→ **Work instructions**:
Each line from the one with "Portrait de Louise" through the last line of the material is to be printed exactly; no other line and no picture belongs in the copy.

→ **Data records**:
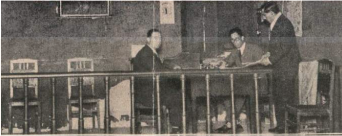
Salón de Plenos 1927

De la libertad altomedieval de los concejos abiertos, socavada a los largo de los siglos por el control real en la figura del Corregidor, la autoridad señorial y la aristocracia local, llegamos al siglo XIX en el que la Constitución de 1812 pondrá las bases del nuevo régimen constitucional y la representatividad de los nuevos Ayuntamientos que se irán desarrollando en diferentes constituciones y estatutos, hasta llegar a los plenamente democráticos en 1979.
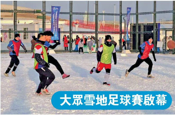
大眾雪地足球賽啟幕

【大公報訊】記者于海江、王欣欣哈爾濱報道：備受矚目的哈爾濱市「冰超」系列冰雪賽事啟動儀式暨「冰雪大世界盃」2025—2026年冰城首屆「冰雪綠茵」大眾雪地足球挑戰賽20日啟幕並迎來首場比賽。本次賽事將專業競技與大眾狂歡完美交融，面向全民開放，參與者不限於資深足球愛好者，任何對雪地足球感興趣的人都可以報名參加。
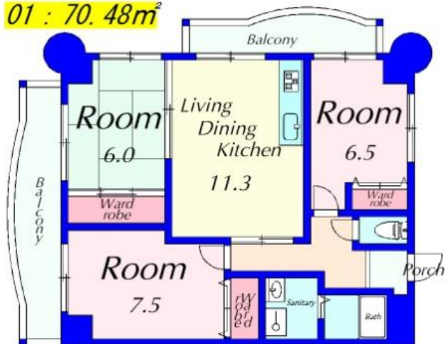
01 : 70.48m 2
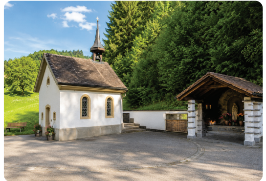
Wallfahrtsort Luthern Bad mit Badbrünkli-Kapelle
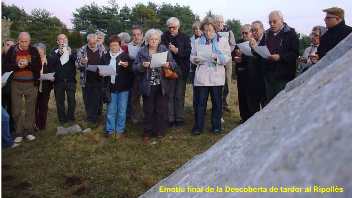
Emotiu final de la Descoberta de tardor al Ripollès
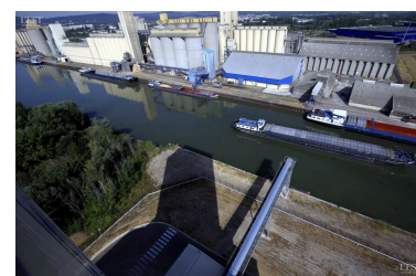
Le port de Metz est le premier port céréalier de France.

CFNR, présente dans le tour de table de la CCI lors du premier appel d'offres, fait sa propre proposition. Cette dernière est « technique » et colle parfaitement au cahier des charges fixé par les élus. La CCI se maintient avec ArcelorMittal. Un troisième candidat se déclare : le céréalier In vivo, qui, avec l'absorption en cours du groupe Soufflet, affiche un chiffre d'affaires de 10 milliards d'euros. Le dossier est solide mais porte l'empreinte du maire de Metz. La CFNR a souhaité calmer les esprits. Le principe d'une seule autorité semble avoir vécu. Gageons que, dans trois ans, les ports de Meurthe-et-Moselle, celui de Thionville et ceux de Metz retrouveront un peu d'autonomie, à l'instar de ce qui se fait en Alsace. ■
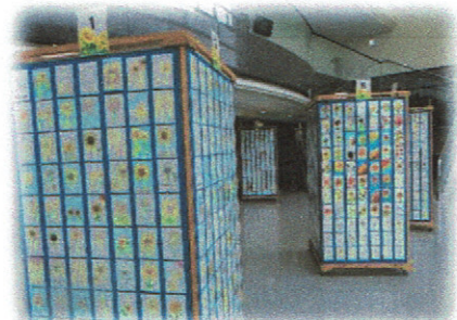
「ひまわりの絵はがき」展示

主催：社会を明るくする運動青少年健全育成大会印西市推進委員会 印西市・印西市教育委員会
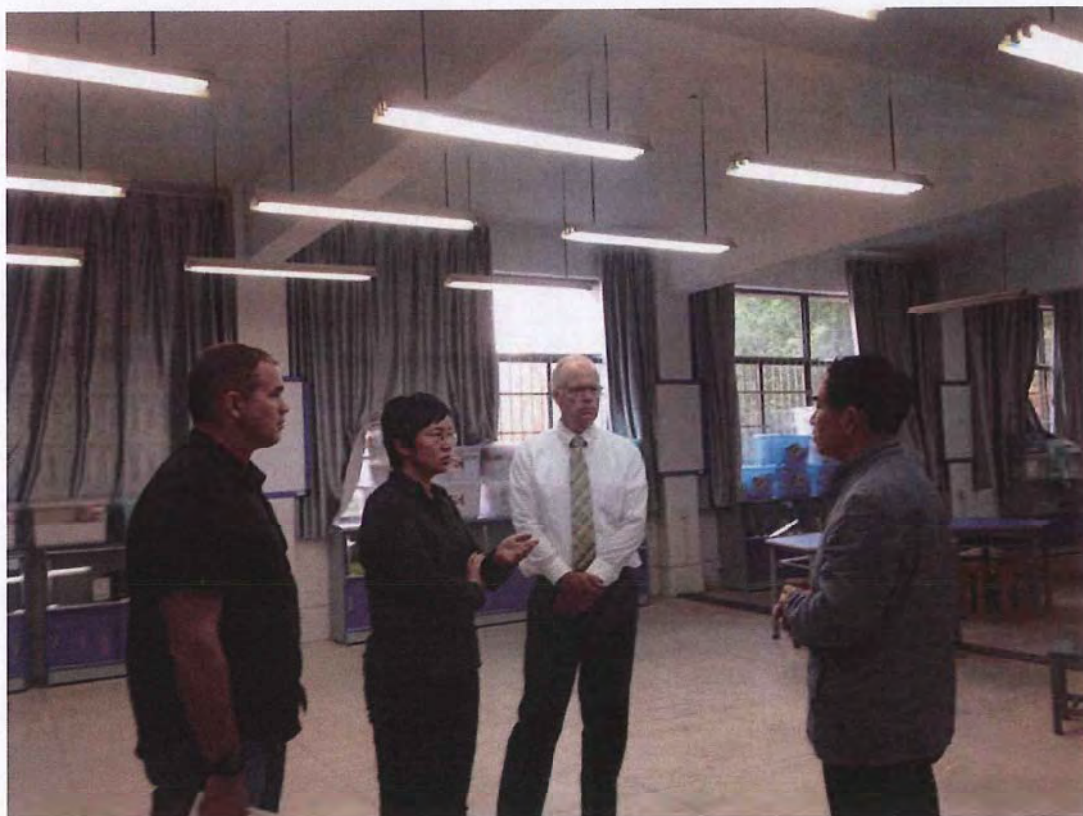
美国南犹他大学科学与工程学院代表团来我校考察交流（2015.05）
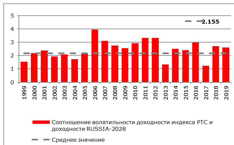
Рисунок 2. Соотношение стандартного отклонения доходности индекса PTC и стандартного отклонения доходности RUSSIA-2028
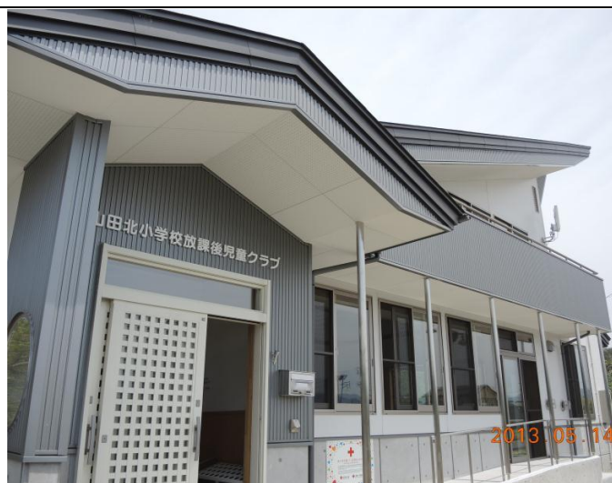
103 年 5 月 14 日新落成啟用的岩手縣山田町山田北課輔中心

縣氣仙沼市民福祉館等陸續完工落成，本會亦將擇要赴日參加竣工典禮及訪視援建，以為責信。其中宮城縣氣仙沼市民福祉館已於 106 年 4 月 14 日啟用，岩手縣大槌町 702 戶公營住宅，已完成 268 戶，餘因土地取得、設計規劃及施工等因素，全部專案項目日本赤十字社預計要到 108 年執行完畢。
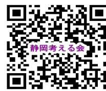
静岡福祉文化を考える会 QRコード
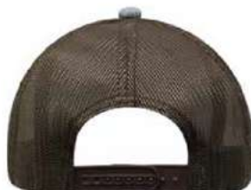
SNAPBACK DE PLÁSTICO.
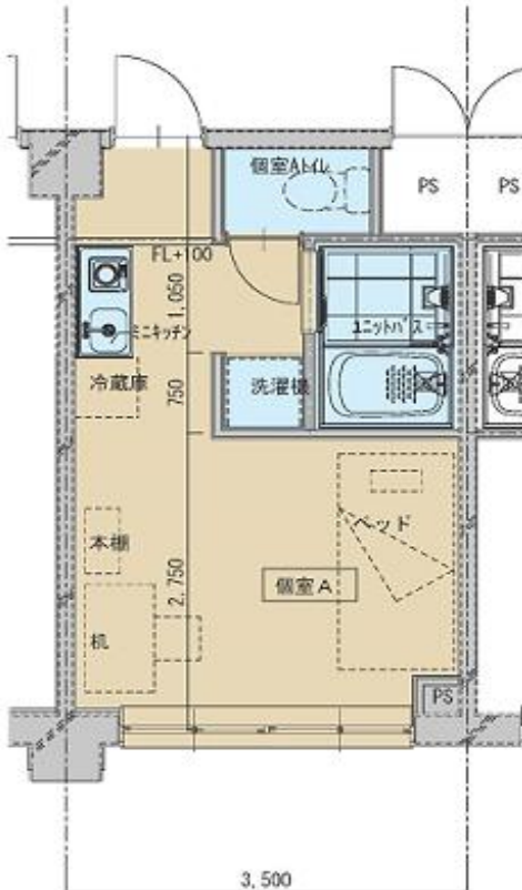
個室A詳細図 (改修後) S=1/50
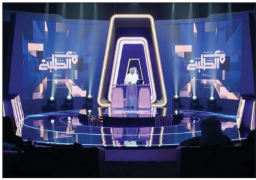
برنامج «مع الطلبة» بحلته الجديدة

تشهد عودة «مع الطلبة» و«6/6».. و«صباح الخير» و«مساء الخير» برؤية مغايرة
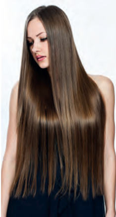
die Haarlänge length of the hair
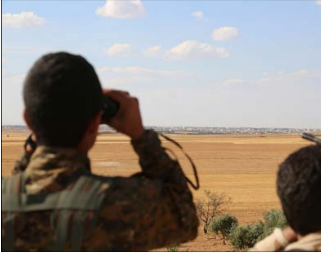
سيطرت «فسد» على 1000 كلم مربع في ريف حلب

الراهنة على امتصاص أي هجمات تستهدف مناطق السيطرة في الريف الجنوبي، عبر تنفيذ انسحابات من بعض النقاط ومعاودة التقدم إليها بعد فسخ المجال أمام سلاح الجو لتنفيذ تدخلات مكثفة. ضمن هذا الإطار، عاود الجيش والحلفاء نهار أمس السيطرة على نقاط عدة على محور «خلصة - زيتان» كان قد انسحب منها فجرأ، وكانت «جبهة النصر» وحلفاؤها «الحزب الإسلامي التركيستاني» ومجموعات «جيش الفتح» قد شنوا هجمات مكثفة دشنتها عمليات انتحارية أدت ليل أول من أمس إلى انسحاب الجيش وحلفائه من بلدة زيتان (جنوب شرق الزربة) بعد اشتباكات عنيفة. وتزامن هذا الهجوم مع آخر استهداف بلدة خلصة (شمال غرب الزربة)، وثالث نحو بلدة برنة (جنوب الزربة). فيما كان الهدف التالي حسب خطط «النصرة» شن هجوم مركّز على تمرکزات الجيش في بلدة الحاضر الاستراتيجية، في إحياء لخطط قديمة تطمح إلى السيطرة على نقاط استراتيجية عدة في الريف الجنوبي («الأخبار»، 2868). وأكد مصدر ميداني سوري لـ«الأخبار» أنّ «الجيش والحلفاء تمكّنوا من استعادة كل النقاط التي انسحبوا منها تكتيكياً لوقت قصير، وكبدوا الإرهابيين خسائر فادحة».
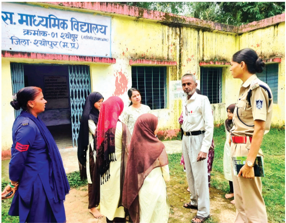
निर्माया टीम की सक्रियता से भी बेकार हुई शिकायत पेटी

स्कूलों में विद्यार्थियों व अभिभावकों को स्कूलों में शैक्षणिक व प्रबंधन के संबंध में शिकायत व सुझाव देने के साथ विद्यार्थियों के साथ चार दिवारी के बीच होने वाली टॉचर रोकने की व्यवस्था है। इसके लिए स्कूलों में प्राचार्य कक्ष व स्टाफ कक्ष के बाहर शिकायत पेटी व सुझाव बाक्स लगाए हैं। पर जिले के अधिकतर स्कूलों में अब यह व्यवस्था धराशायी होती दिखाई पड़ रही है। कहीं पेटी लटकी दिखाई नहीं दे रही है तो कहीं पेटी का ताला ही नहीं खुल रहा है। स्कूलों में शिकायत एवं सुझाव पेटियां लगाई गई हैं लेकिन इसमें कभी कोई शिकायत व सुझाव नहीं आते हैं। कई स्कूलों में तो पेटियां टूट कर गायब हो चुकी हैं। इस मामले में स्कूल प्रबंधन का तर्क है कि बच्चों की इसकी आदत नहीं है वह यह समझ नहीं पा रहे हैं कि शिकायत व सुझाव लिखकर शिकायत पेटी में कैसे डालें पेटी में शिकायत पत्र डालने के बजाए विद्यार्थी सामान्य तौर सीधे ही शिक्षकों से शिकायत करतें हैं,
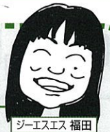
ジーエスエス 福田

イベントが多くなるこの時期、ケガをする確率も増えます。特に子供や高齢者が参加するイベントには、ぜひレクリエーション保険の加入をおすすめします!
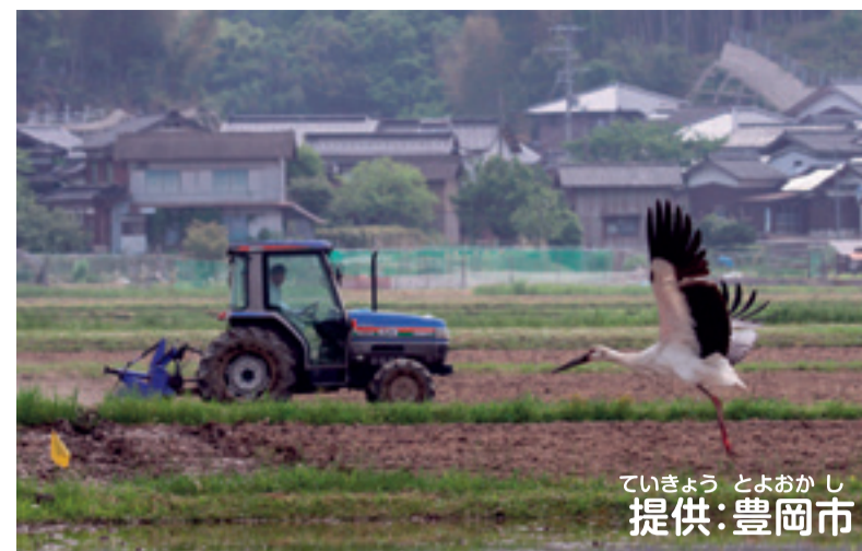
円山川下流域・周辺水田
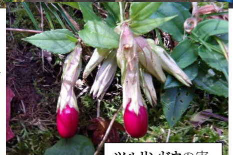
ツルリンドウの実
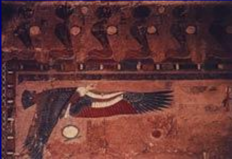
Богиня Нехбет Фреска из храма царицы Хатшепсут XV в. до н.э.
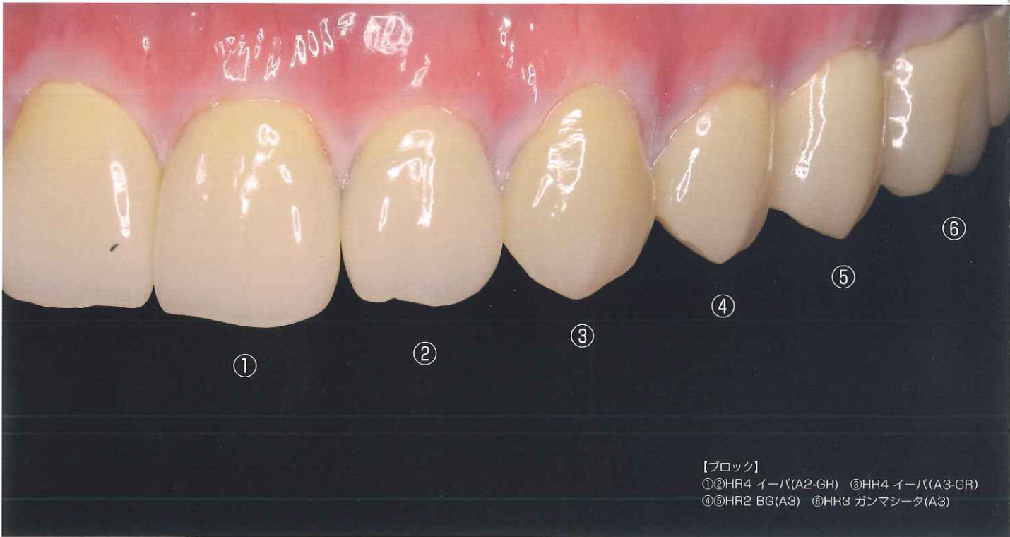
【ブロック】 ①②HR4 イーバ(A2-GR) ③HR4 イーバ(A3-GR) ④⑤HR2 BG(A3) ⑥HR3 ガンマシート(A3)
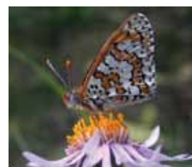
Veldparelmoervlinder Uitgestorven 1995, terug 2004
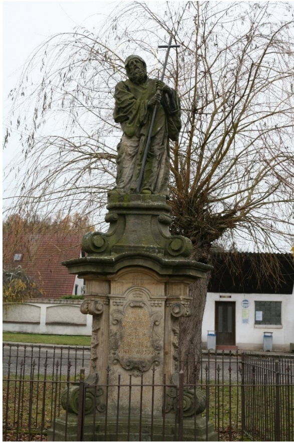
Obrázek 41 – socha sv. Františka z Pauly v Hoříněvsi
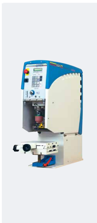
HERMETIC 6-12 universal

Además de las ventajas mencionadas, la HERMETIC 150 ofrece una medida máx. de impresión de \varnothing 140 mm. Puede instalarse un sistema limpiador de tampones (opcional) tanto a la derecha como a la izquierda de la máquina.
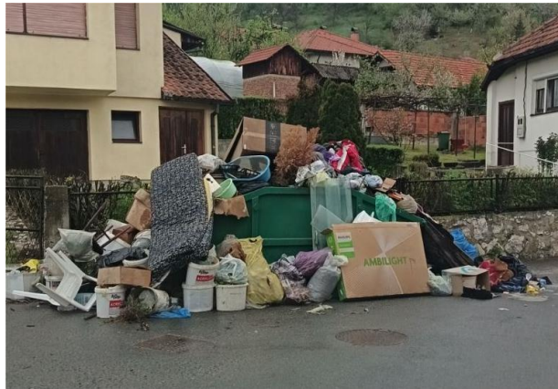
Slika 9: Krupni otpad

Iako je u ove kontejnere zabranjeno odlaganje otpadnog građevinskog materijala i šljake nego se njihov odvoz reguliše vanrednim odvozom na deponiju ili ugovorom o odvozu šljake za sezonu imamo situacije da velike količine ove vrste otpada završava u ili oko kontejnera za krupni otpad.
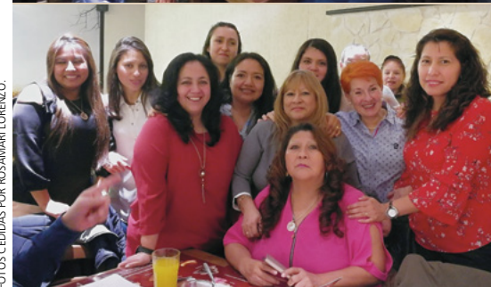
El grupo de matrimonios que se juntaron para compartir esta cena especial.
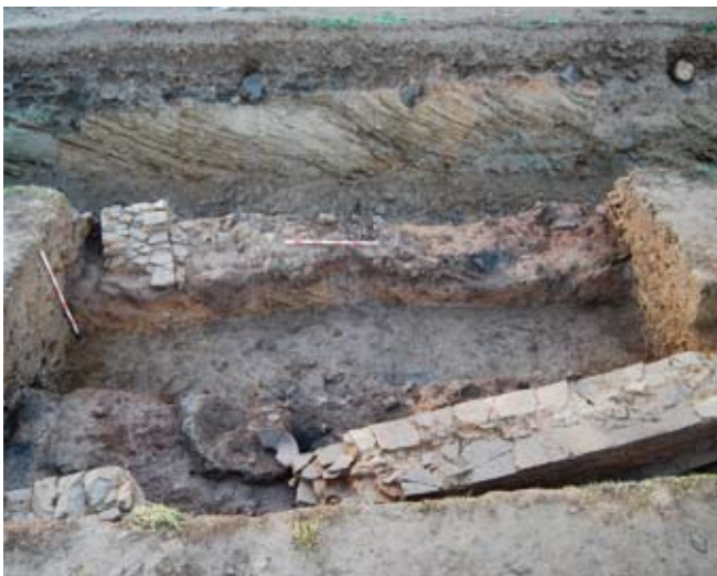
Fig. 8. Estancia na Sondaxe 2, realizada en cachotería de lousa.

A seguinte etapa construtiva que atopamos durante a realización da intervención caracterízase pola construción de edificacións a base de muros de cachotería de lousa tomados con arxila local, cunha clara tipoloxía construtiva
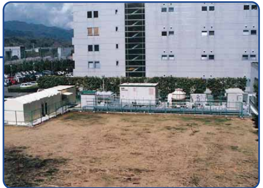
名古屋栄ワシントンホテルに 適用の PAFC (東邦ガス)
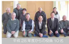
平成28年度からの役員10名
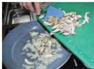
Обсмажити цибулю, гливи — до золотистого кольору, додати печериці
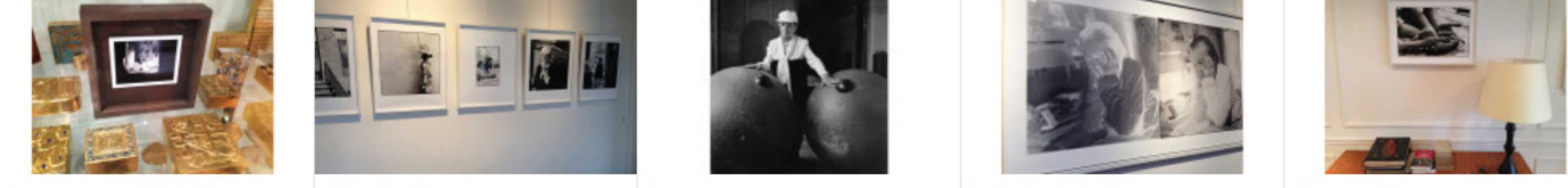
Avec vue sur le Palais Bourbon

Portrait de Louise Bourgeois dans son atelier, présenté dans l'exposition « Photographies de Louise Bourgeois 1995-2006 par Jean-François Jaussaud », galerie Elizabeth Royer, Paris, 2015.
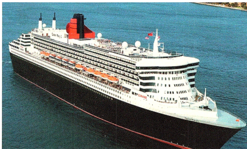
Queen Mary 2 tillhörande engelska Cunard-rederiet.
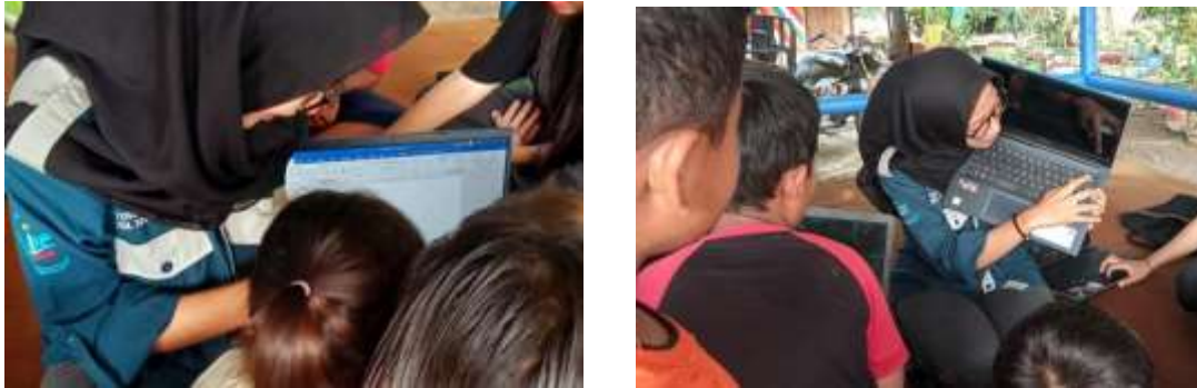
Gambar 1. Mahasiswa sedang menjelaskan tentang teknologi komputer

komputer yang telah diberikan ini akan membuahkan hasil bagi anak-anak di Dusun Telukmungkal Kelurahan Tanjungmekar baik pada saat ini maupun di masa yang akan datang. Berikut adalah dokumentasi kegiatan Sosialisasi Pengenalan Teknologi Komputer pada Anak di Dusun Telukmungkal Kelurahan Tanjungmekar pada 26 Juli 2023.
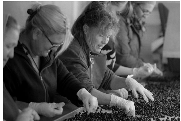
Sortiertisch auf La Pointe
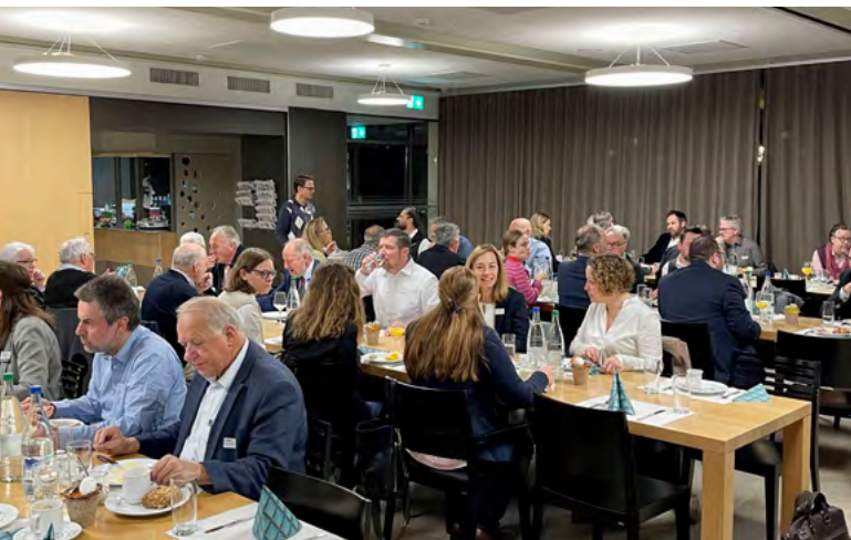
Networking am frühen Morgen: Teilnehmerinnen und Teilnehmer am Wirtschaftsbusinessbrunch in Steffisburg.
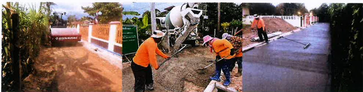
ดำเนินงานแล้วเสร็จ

→ **Solution to this exercise**:
Portrait de Louise Bourgeois dans son atelier, présenté dans l'exposition « Photographies de Louise Bourgeois 1995-2006 par Jean-François Jaussaud », galerie Elizabeth Royer, Paris, 2015.
Queen Mary 2 tillhörande engelska Cunard-rederiet.
Gambar 1. Mahasiswa sedang menjelaskan tentang teknologi komputer

komputer yang telah diberikan ini akan membuahkan hasil bagi anak-anak di Dusun Telukmungkal Kelurahan Tanjungmekar baik pada saat ini maupun di masa yang akan datang. Berikut adalah dokumentasi kegiatan Sosialisasi Pengenalan Teknologi Komputer pada Anak di Dusun Telukmungkal Kelurahan Tanjungmekar pada 26 Juli 2023.
Sortiertisch auf La Pointe
Networking am frühen Morgen: Teilnehmerinnen und Teilnehmer am Wirtschaftsbusinessbrunch in Steffisburg.
ดำเนินงานแล้วเสร็จ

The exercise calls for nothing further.